No, the assumption is different. You would not use the LRE/PDF/whatever
in the URI itself. The main reason is that there are places where escaped
characters can't go, e.g. before the 'http:' (see example below).
The various special characters may be used when displaying the URI
in a reasonable way, i.e. making sure that the syntactically relevant
characters stay at the right place rather than being thrown around.
But they are just one potential way of implementing the display of
these URIs.



>2-- Then convert it into UTF-8.
>
>3-- Then escape any escapable octet. This would give the following:
>
>%E2%80%AAhttp%E2%80%8E:E2%80%8E/%E2%80%8E/www%E2%80%8E.%D8%A7%D9%84%D8%A3%D 
>9%85%D8%A7%D9%86%E2%80%8E.com%E2%80%AC
>
>Is this a correct example of implementing an Internationalized URI with 
>bidi text? Or I've got something wrong in the process?

Here you see easily that it won't work, because no existing software
can identify this as a http URI.

The correct URI would be

http://www.%D8%A7%D9%84%D8%A3%D9%85%D8%A7%D9%86.com
(assuming the Arabic word was in logical order). URIs as such
are in logical order, and don't allow any special bidi characters
because that would lead to ambiguities (there are several ways
to get the same reordering behaviour).


>In addition, in an XML document, as per section 4.2.2 of the specs, is it 
>correct that I should use this last form directly in the document, and not 
>rely on the XML processor to do the transformation?

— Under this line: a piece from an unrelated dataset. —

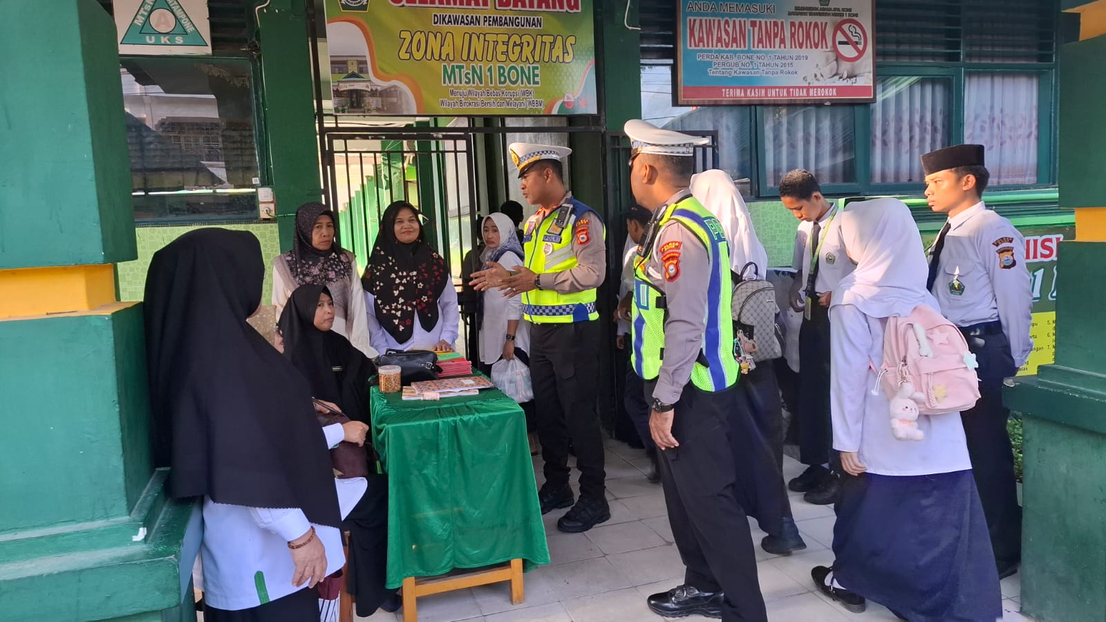 Personel Unit Kamsel melaksanakan kegiatan imbauan keselamatan berlalu lintas kepada orang tua siswa yang mengantar anaknya ke sekolah serta kepada para guru di MTs Negeri 1 Bone.

The original XML spec says
(http://www.w3.org/TR/1998/REC-xml-19980210#sec-external-ent):

 >>>>
An XML processor should handle a non-ASCII character in a URI by
representing the character in UTF-8 as one or more bytes, and then
escaping these bytes with the URI escaping mechanism (i.e., by
converting each byte to %HH, where HH is the hexadecimal notation
of the byte value).
<<<<

This says that the XML processor should do this for you, and therefore
it should be okay for you to put in the original characters. But there
are three problems here:

- It says 'should', not must.
- It's not clear whether it applies to all URIs, or just to the URIs
   used in System Identifiers, and in the former case, it's not
   clear how an XML processor would find all URIs in a document
   (without e.g. Schema information).
- The text in the second edition of XML
   (http://www.w3.org/TR/REC-xml#sec-external-ent) is much clearer about
   how the conversion has to take place; unfortunately, it doesn't make
   clear who should do this conversion (the original document producer
   or the XML processor). The idea was not to change this for the second
   edition, but somehow it got lost. I'm following up on this.

So the current answer is, unfortunately:

You should be able to rely on the XML processor, but for the moment,
it might be safer to do the transformation yourself.



Regards,   Martin.
Received on Monday, 16 October 2000 02:43:30 UTC